Vladimir Poutine m’a impressionné à un moment donné. Ce sont des petites choses parfois. Je lui ai demandé : “Vladimir, est-ce que vous connaissez les juifs ?”. Et il m’a dit : “Oui. Quand j‘étais petit, on habitait dans un appartement collectif dans la banlieue de Saint-Pétersbourg avec une famille juive. L’un d’entre eux s’appelait Salomon Abramovich. Tous les jours, après le travail, il sortait un grand livre et il le lisait en se balançant. Et je lui ai demandé : Salomon Abramovich, qu’est-ce que tu lis ? Il m’a répondu: le Talmud”.
Et Poutine me dit : “Vous m’excuserez, Marek, mais ça ne m’a pas intéressé”.
J’ai trouvé cela tellement bien, tellement juste. On le dit simplement, on le dit dans une sorte de respect de l’autre.
Vous savez, il n’est pas impossible qu’au bout de deux ans, Poutine demande à mon ami Mikhaïl Prokhorov de devenir Premier ministre.

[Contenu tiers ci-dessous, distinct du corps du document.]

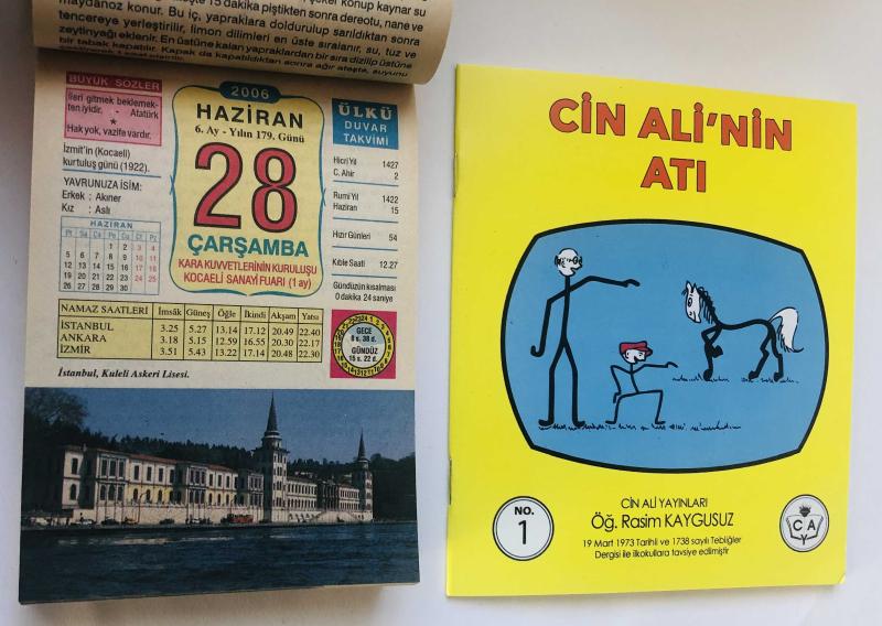 28 Haziran 2006 hediyelik orijinal Ülkü takvim yaprağı (Cin Ali kitabı hediyeli:) başlıklı ürün, Efemera, Müzik, Sinema > Belge ve Evraklar > Takvimler kategorisi altında İkinci El olarak satılmaktadır.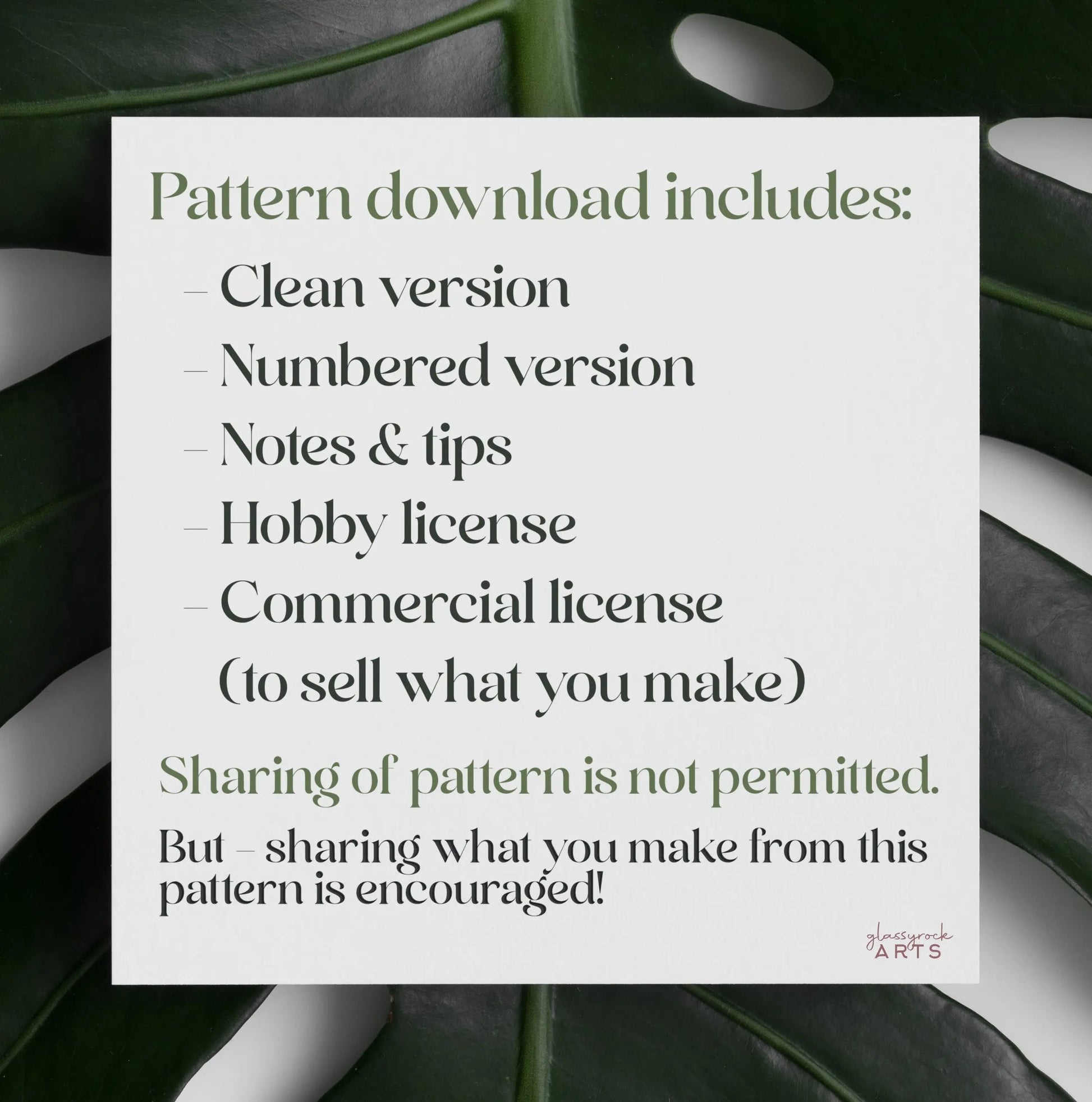 𝐋𝐈𝐂𝐄𝐍𝐒𝐈𝐍𝐆: This download includes both a hobby and commercial license. Patterns cannot be reproduced, published (other than printing for personal use), or shared. If you do sell your finished work, please give a credit to Noelle Barnes/GlassyRock Arts as the designer.
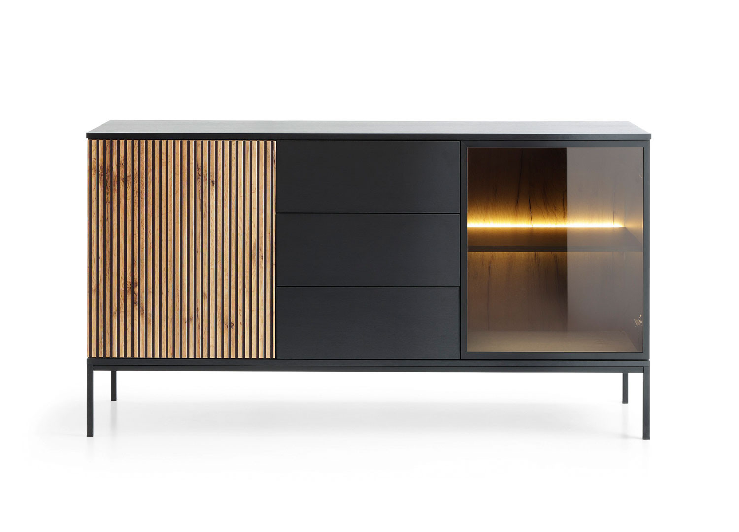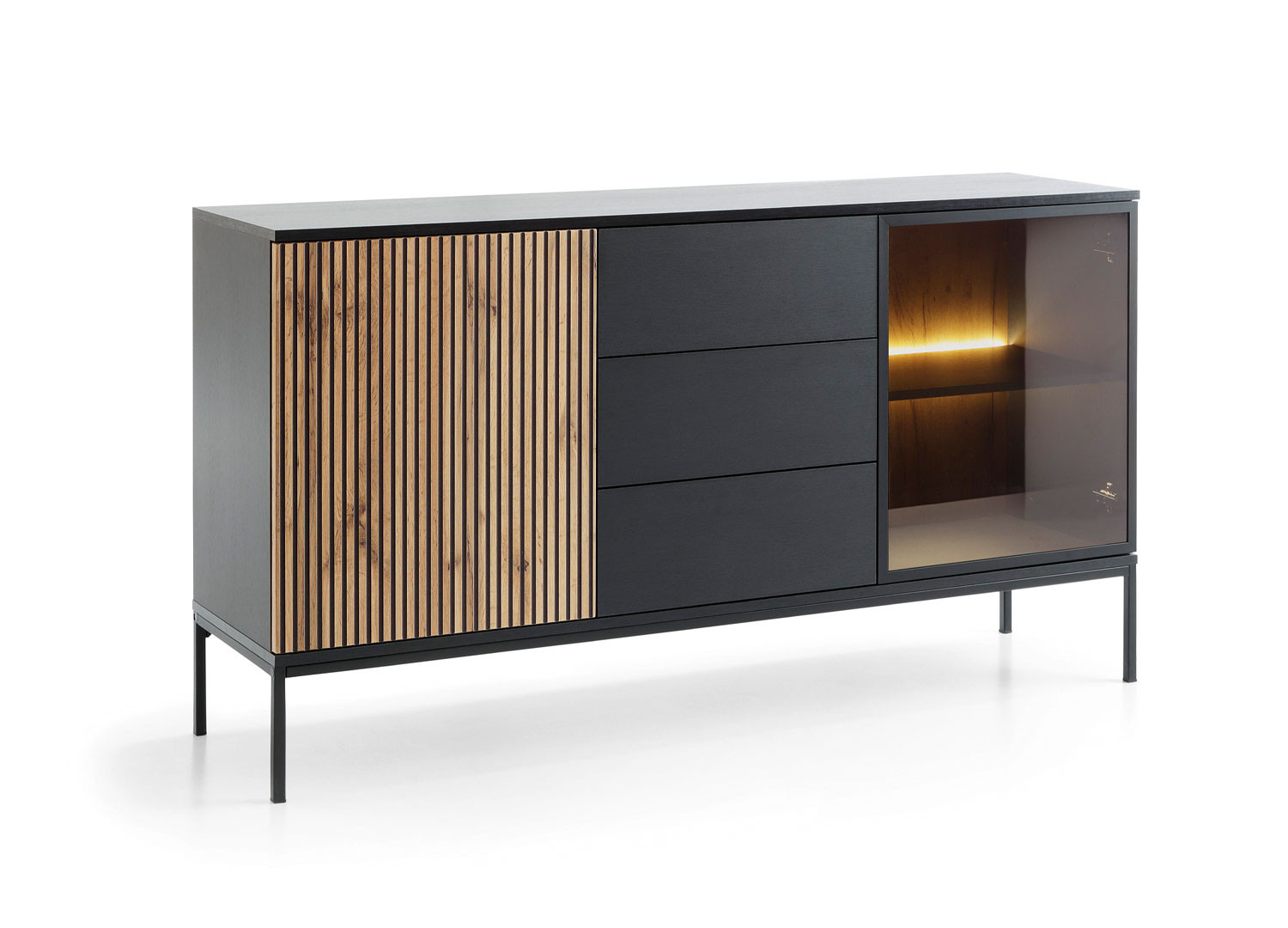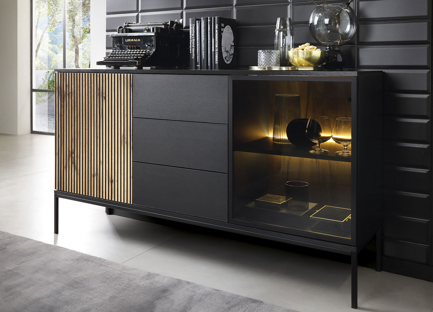 Le buffet Sento noir et chêne wotan dispose de deux portes dont une en verre avec un encadrement en aluminium noir et de trois tiroirs. Grâce à son système d’ouverture “push to open”, il offre une ligne fluide, sans poignées. L’éclairage LED intégré mettra en valeur vos plus beaux objets.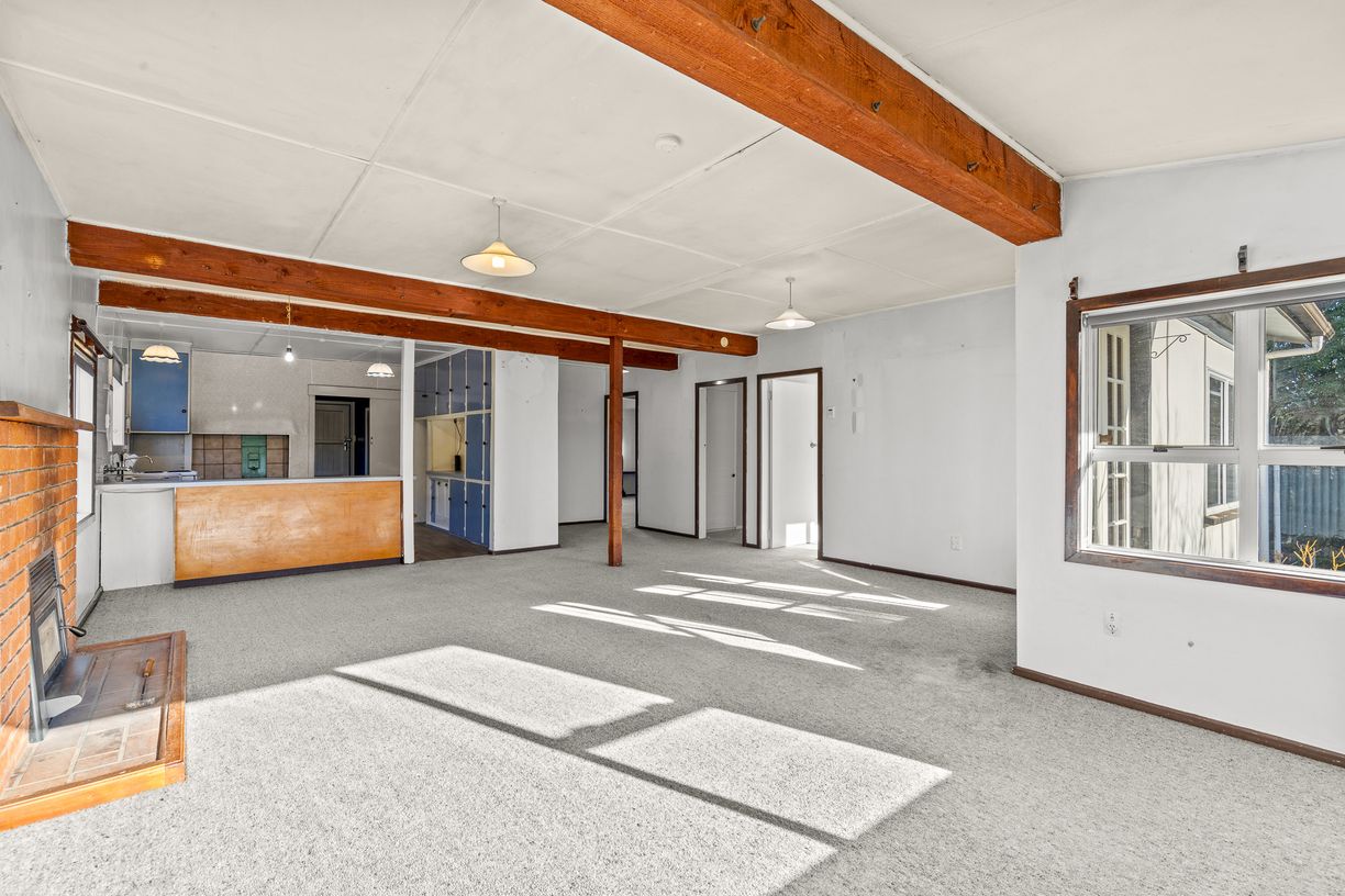 Generous sundrenched open plan kitchen/dining/living areas, 3 bedrooms, 2 bathrooms, separate laundry room. Inbuilt log fire for the cooler winter months. Garaging, carport, outbuildings and excellent off street parking another benefit on the huge well fenced 1416m2 section - this section really is a slice of gold today!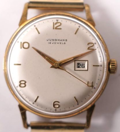 Vintage Junghans Armbanduhr Deutsch 20. Jh. Ziffernblatt mit arabischen Stundenzahlen und Datumsanzeige bei der Drei. Handaufzugswerk. Goldfarbenes Flexband. Auf dem Ziffernblatt und verso bezeichnet. Durchmesser des Ziffernblatts ca. 3 cm, Länge des Bandes ca. 20 cm. Guter gebrauchter Zustand, läuft an.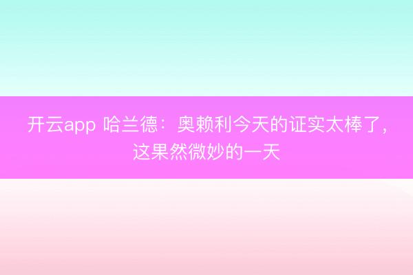 开云app 哈兰德:奥赖利今天的证实太棒了,这果然微妙的一天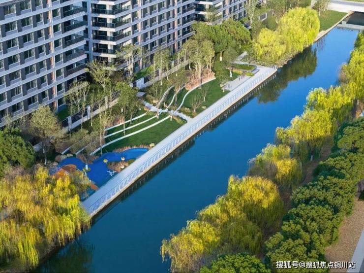 值得一提的是,玖阅还跳出红线之外,在小区南侧的自然水系之畔,自费打造了沿河景观步道、全龄儿童乐园与多功能健身场地。

Kirsten Ripper, euronews :
Vous pensez que Prokhorov est proche de Poutine ?

Marek Halter :
Je ne sais pas. Mais il représente ce côté plutôt libéral.

Kirsten Ripper :
Lui faites-vous confiance ?

Marek Halter :
Je lui fais confiance mais vous savez (rires), je ne me fais même pas confiance à moi-même !

Le yiddish, une langue perdue

Marek Halter :
Je viens d‘écrire un livre sur Birobidjan, une république juive autonome que Staline a créé en 1932-1934 et qui existe toujours. C’est le seul endroit au monde où la langue officielle est le yiddish, ma langue maternelle que plus personne ne parle dans le monde. La dernière personne avec qui j’ai discuté en yiddish – on le faisait tous les mois, on déjeunait ensemble, pour ne pas oublier la langue de nos parents – c‘était le cardinal de Paris Jean-Marie Lustiger.

Kirsten Ripper, euronews :
Il parlait le yiddish ?

Marek Halter:
Il parlait le yiddish parce que ses parents parlaient le yiddish comme les miens.

Le cardinal Lustiger est mort en 2005, mais Marek Halter a toujours de nombreux projets. Son prochain roman relatera le destin exceptionnel d’une femme : Khadija, la première épouse du prophète Mahomet et la mère de tous les musulmans.